Com ele concorda Ariel Ávila, da Fundação Novo Arco-Íris, que também segue o tema na Colômbia. Apesar da notória debilidade de comunicação entre comandantes das Farc, "a versão oficial lhes mostra demasiado ingênuos", diz Ávila.

Comunicação
A versão do governo é que Gerardo Aguilar, o "César", foi enganado por falsas mensagens que pensava ser do secretariado da guerrilha. De acordo com um general colombiano ouvido pela Associated Press, um agente duplo, que mudou de lado porque as Farc lhe haviam tomado uma casa e uma fazenda, convenceu César.

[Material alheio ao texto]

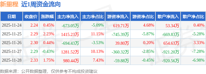 资金流向数据方面,本周新里程主力资金合计净流入2309.71万元,游资资金合计净流出506.08万元,散户资金合计净流出1803.62万元。本周资金流向一览见下表: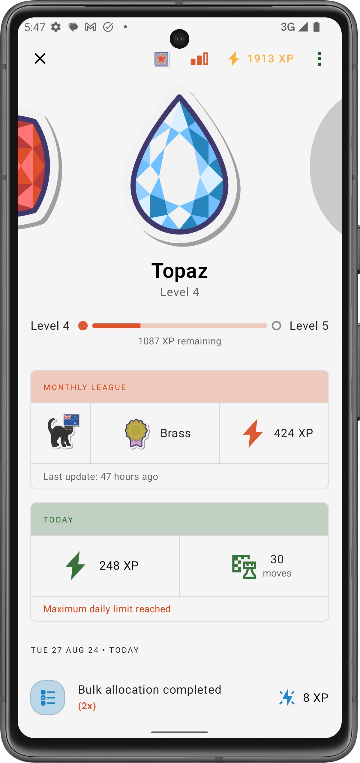 O recurso de níveis no app não é apenas um sistema de pontos—é uma experiência totalmente imersiva, projetada para tornar o gerenciamento de orçamento recompensador e divertido. O app transforma tarefas financeiras cotidianas em um jogo dinâmico, onde cada ação que você realiza lhe concede XP (Pontos de Experiência) e faz você avançar por níveis, representados por minerais, joias e pedras preciosas. Cada novo nível simboliza um domínio maior dos seus hábitos financeiros.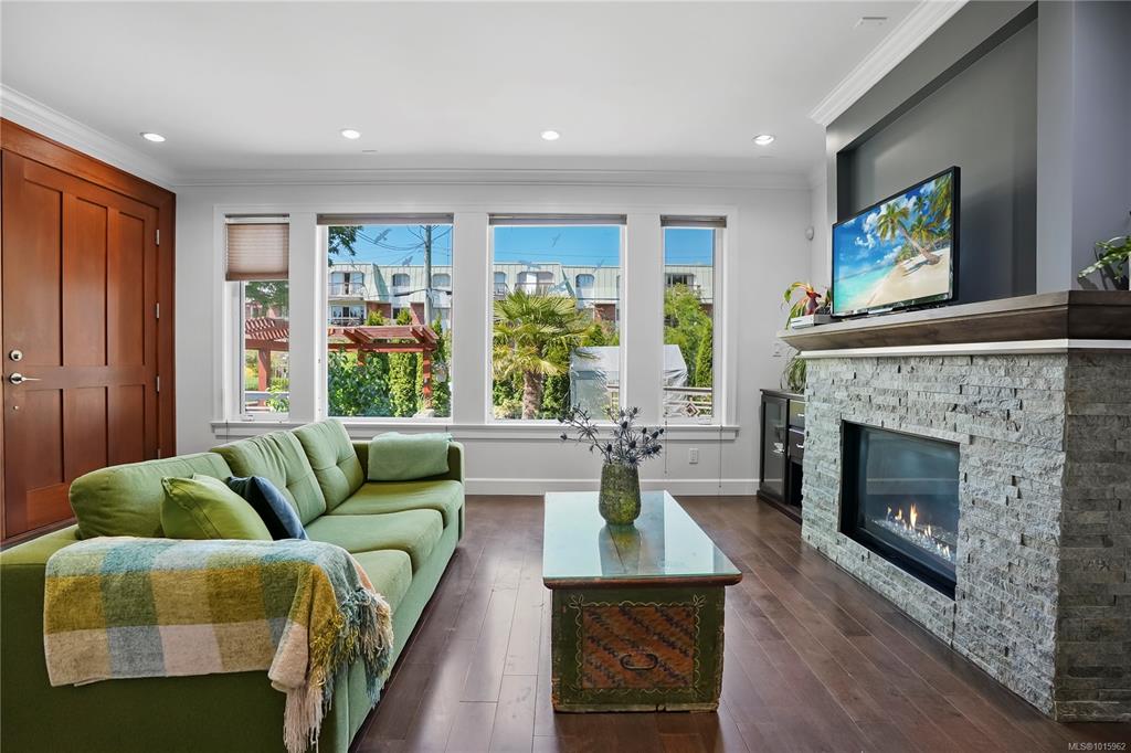 AMAZING JAMES BAY BY THE OCEAN! This modern-designed 4 Bed/4 Bath home is just steps to the ocean, and is located in one of Victoria’s premier neighbourhoods! Live the Victoria lifestyle in this iconic location—walk to Dallas Rd, Ogden Point. parks or downtown! This 2000 sq ft+ front duplex offers modern West Coast living across 3 levels. Designed by an award-winning builder, it features open-concept living rm w/cozy gas F/P, radiant in-floor heat, hardwood floors, quartz counters, on-demand hot water, and ...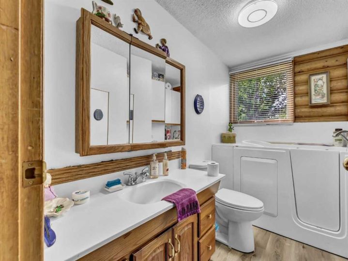 There are very few properties like this one around! Picture yourself living on 30 acres of country paradise, yet only minutes from city limits. Watch the sun come up in the morning and the city lights at night from your front porch. This sought after location is ready for its new owners to start their next chapter. There are 27 acres split into 2 fields WITH FULL IRRIGATION RIGHTS ( big value here ! ) , with a 3 acre yard set between the alfalfa fields. There is a full perimeter fence as well as cross fencing to separate the yard from the fields. The yard features a rustic 2 bedroom, 1 bathroom cedar log cabin home with a loft, a detached double garage, a 32 x 42 workshop with concrete floor and tall doors, a 16 x 30 tack room, and a 22 x 32 barn with corrals. A perfect set-up for your equine friends or critters of any sort. The yard has numerous mature fruit trees ( pear , apple , plum ), and even honey supplied from the bee-keepers! The dugout is sourced from SMRID. This amazing property has so much potential for those that enjoy the quiet and privacy of country living. Build a new home ? Business opportunity ? ( Short Term Rental ? Hobby Farm ? ) . The possibilities here are MANY !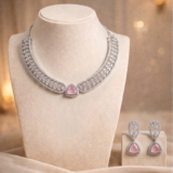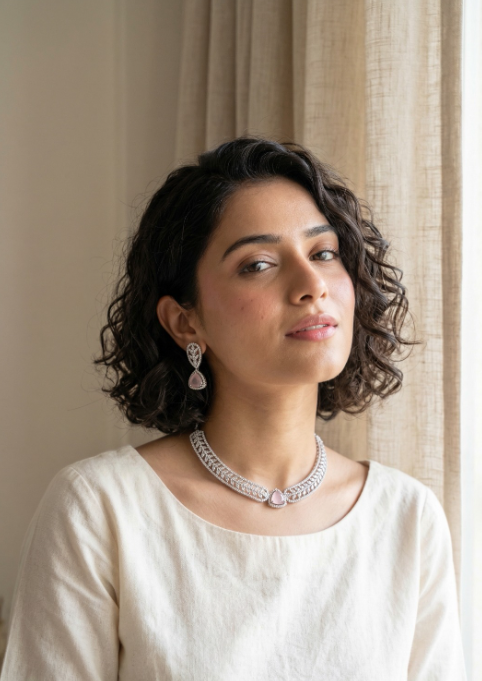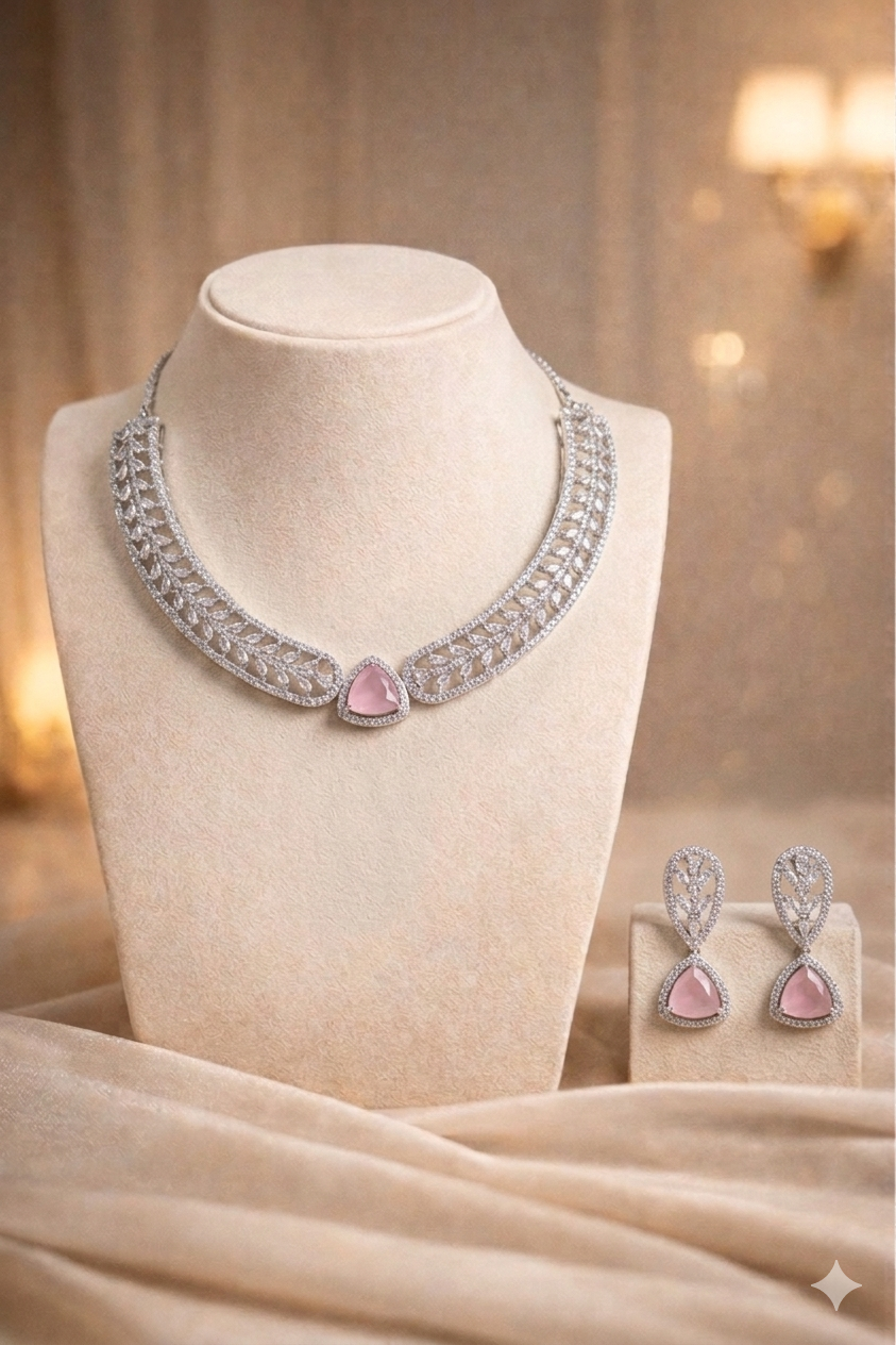 A garden carved in silver. This set features a triangular, soft-pink stone that looks like a captured morning dewdrop on a rose petal. The choker is designed with a breathable, lace-like floral pattern that sits perfectly against the skin.

O agente duplo estaria no helicóptero do resgate ao lado de César e seu auxiliar Gafas, que estão presos. As unidades das Farc estão separadas na selva -por conta da grande ofensiva militar- e há um intenso monitoramento de telefonemas por satélite e câmeras de vigilância instaladas em rios, principal meio de transporte (sistemas fornecidos pelos EUA). A situação fez o grupo guerrilheiro priorizar a comunicação por mensageiros humanos.
Anteontem, na TV, o presidente colombiano, Álvaro Uribe, insistia para que todos dissessem que o helicóptero usado na ação não tinha logotipo de nenhuma organização. O governo diz que eles pensavam que os aparelhos, pintados de branco e vermelho, era de um grupo "humanitário fictício".
"Para mim, eles usaram o nome da Cruz Vermelha", diz Camilo González.

Pagamentos
Para o analista Cesar Restrepo, da Fundação Segurança e Democracia, a operação do governo colombiano funcionou pela combinação de duas estratégias: a infiltração de seus agentes e a "compra" de informantes. "Isso se deu porque ganhar dinheiro fácil se tornou mais importante do que a vontade guerrilheira. O governo foi inteligente em se aproveitar dessa situação", diz Restrepo.
Para Pedro Medellín, professor da Universidade Nacional da Colômbia, a política de recompensas aliada ao um "momento de cansaço" das Farc permitiram o sucesso. "Pela morte de Ivan Ríos, o governo pagou US$ 2 milhões para o assassino. Por esse resgate, também deve ter pagado uma quantia, junto com a promessa de não extraditar traidores."